■ Collected data:
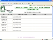 Se acaban de colgar de la página web los nuevos Calendarios de Actividades y Eventos del presente Curso 2006-2007, no sólo el general para todos los fraternos de Madrid, sino también los Calendarios de los diferentes Equipos. Se ruega, por tanto, a los Equipos de Barrio que me vayan enviando los datos para completar dichos Calendarios, a medida que vayan estableciendo fechas. Muchas gracias a todos por vuestra colaboración. EL WEB MASTER. |
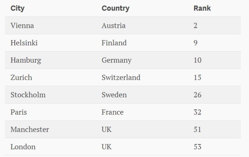 Acesta adună 140 de oraşe din toată lumea şi le clasifică în funcţie de condiţiile de trai, scrie Quartz.
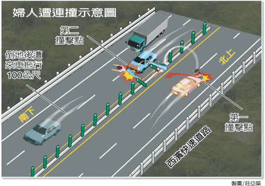 許嘉宏說,報案后他在車內等候,沒多久聽到南下車道又傳來猛烈撞擊聲,他趕緊下車,只見婦人尸體被拖行百余米,地上血跡斑斑,“好可怕”,他嚇得不敢靠近。

■ Required work:
In the listing, find the line containing "Acesta adună 140" and repeat it and every later line through the last one, word for word, excluding the pictures.

■ Result for this task:
 Acesta adună 140 de oraşe din toată lumea şi le clasifică în funcţie de condiţiile de trai, scrie Quartz.
 許嘉宏說,報案后他在車內等候,沒多久聽到南下車道又傳來猛烈撞擊聲,他趕緊下車,只見婦人尸體被拖行百余米,地上血跡斑斑,“好可怕”,他嚇得不敢靠近。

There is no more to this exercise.